▸ ABOUT THIS EXERCISE:
Once the pictures are removed, restate the listing word for word.

▸ DATA EXTRACT:

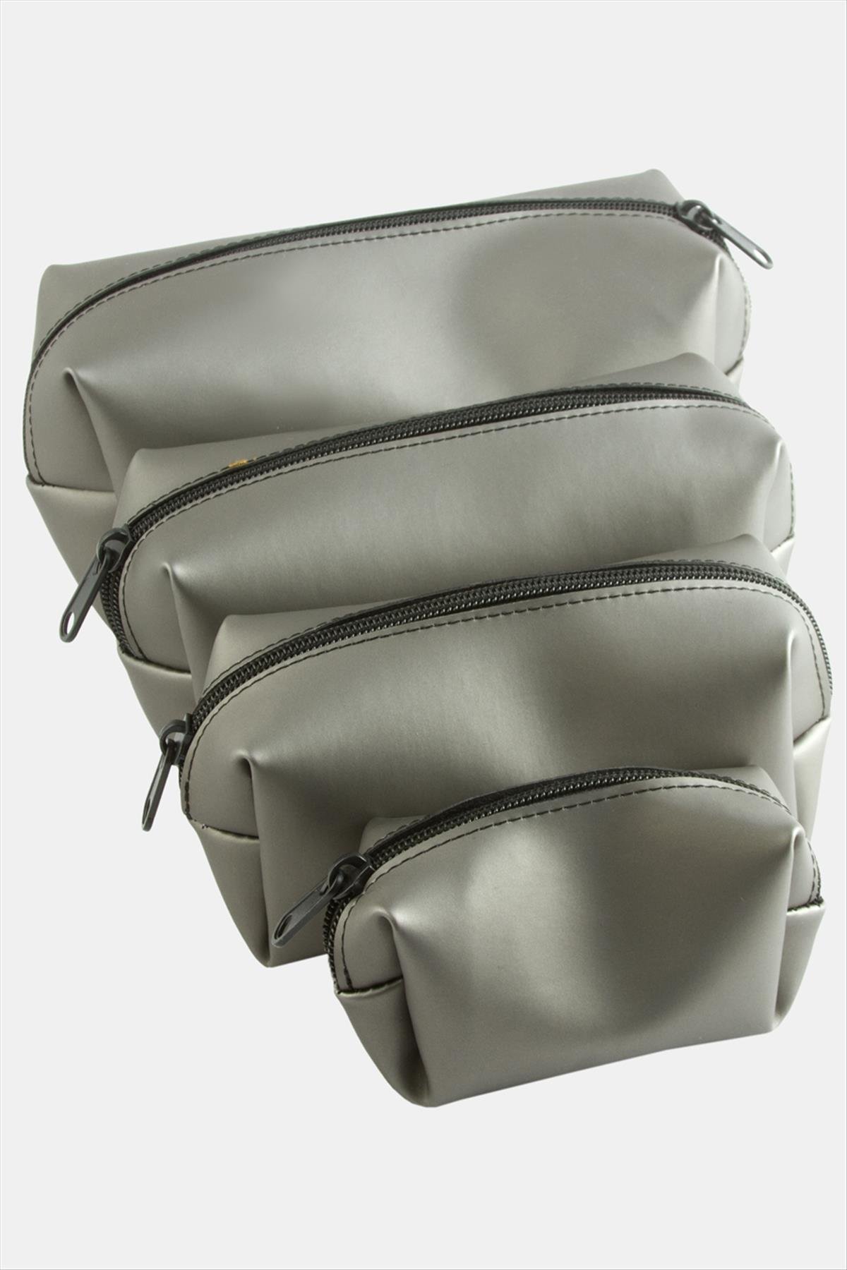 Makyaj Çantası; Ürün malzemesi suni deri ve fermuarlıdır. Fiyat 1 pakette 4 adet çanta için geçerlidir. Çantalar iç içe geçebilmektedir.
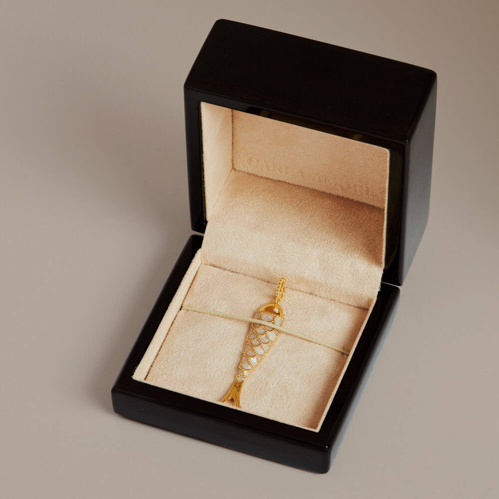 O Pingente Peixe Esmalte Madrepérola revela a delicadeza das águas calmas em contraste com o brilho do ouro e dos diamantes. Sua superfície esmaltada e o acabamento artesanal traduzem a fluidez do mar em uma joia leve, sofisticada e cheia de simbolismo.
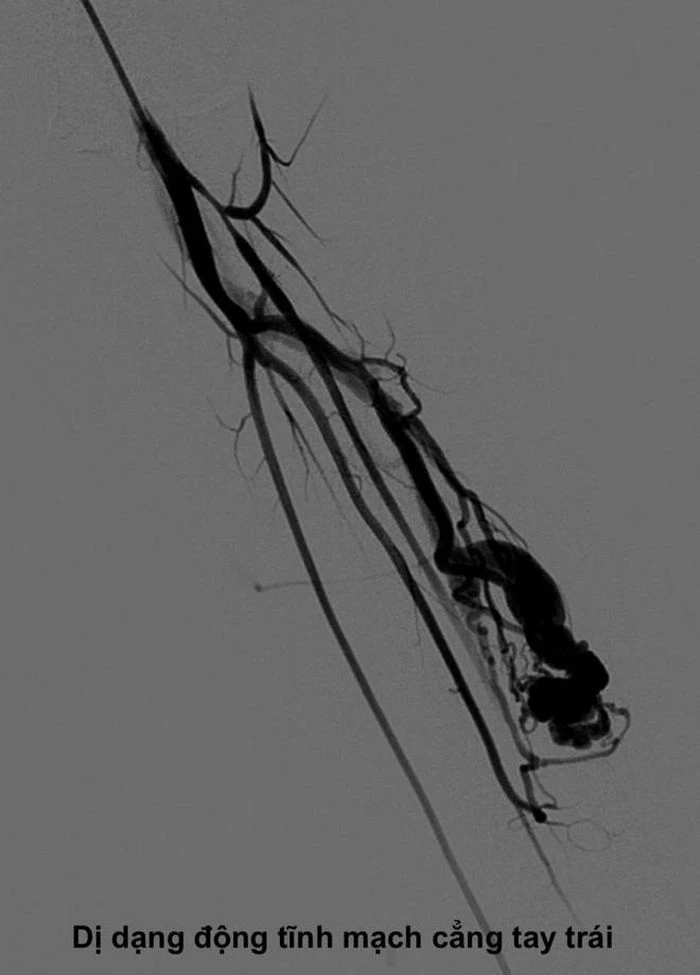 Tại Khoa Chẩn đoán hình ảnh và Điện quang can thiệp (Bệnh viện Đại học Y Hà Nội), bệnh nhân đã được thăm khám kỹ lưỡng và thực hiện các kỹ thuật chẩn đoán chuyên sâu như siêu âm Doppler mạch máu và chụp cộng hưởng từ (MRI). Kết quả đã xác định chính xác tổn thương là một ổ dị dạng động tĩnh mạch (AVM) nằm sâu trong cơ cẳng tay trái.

▸ COMPLETED EXERCISE:
 Makyaj Çantası; Ürün malzemesi suni deri ve fermuarlıdır. Fiyat 1 pakette 4 adet çanta için geçerlidir. Çantalar iç içe geçebilmektedir.
 O Pingente Peixe Esmalte Madrepérola revela a delicadeza das águas calmas em contraste com o brilho do ouro e dos diamantes. Sua superfície esmaltada e o acabamento artesanal traduzem a fluidez do mar em uma joia leve, sofisticada e cheia de simbolismo.
 Tại Khoa Chẩn đoán hình ảnh và Điện quang can thiệp (Bệnh viện Đại học Y Hà Nội), bệnh nhân đã được thăm khám kỹ lưỡng và thực hiện các kỹ thuật chẩn đoán chuyên sâu như siêu âm Doppler mạch máu và chụp cộng hưởng từ (MRI). Kết quả đã xác định chính xác tổn thương là một ổ dị dạng động tĩnh mạch (AVM) nằm sâu trong cơ cẳng tay trái.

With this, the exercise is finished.